Berawal dari sebuah iklan di media sosial pada November 2023 lalu terkait program S3 di Philippines Women’s University (PWU). Pelunasan biaya pendidikannya dapat diangsur dua kali dengan iming-iming beasiswa sehingga hanya membayar Rp30 juta yang semula Rp60 juta. Malangnya, uang yang sudah masuk terpakai untuk bisnis trading oleh pelaku (suarabekaci.id, 17-4-2024).
Kejahatan Digital
Pesatnya kemajuan teknologi digitalisasi ibarat dua mata pisau. Di dalamnya ada manfaatnya, tetapi banyak pula dimanfaatkan oleh penipu. Penipuan adalah bentuk kejahatan digital yang dilakukan melalui platform media sosial yang bertujuan untuk mendapatkan uang.
Aksi jahat ini banyak macamnya, seperti mengajak kerja sama, menjual barang dagangan, lowongan pekerjaan, mengaku pihak bank berujung peretasan data, sebagai penyalur ilegal melalui beasiswa di luar negeri, undangan pernikahan, hingga penipuan cinta. Tentu saja perbuatan dengan menipu akan merugikan orang lain.
Mirisnya, selama kurun waktu 3 tahun (2020—2023), sebanyak 3.428 kasus penipuan daring melibatkan WNI (Warga Negara Indonesia) dan tersebar di delapan negara. Umumnya berada di Kamboja, Myanmar, dan Filipina. Dari semua kasus tersebut, 40 persen terindikasi TPPO (Tindak Pidana Perdagangan Orang) (suara.com, 5-3-2024).

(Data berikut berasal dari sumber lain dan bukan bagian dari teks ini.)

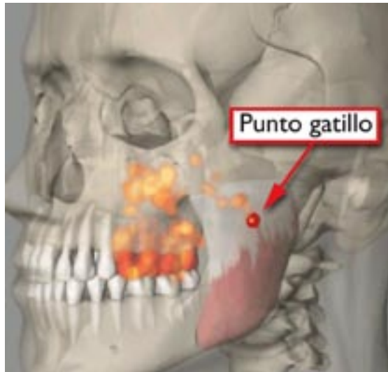
Figura 1. Sitios dolorosos localizados o puntos gatillo en el músculo, tendón o fascia con referencia a un sitio distante, como los dientes.

Sekularisme dan Kapitalisme Biang Keladinya
Sifat manusia yang mengedepankan nafsu umumnya mengajak kepada kemaksiatan. Ini membuat makin mudah untuk melakukan perbuatan tanpa menimbang halal atau haram. Terlebih lagi, sekularisme tidak menjadikan agama sebagai pengatur kehidupan seseorang. Pun, pola hidup era digital membuat masyarakat makin hedon dan materialistik. Selama masyarakat tidak mengubah gaya hidup yang sekuler, maka sampai kapan pun, benang ruwet kasus penipuan tidak akan berhasil diuraikan.
Negara seharusnya memiliki kekuasaan dan kewenangan untuk menumpas seluruh kejahatan, termasuk kasus penipuan. Namun, sampai saat ini, peran negara sebatas fasilitator. Ini karena sistem kapitalisme sekuler selalu meniscayakan peran kebebasan bertingkah laku. Pengawasan yang kurang ketat dan tidak tepat membuat pelaku berkeliaran mencari sasaran. Begitu pula hukum pidana, sangat lemah dan tidak membuat jera pelaku penipuan daring.
Negara sebagai pilar utama pemutus rantai persoalan rakyat haruslah mengambil tindakan tegas. Jika tidak, pelaku kejahatan digital akan terus memakan korban.
Islam Problem Solver Kehidupan
Peliknya problematika kehidupan ini pasti dapat teratasi dengan mengadopsi hukum dan aturan Islam. Islam memandang, hal sekecil apa pun yang berkaitan dengan seluruh perbuatan manusia diatur oleh Allah sebagai Pengatur alam semesta ini, termasuk perbuatan menipu yang erat kaitannya dengan berdusta dan Allah mengharamkannya.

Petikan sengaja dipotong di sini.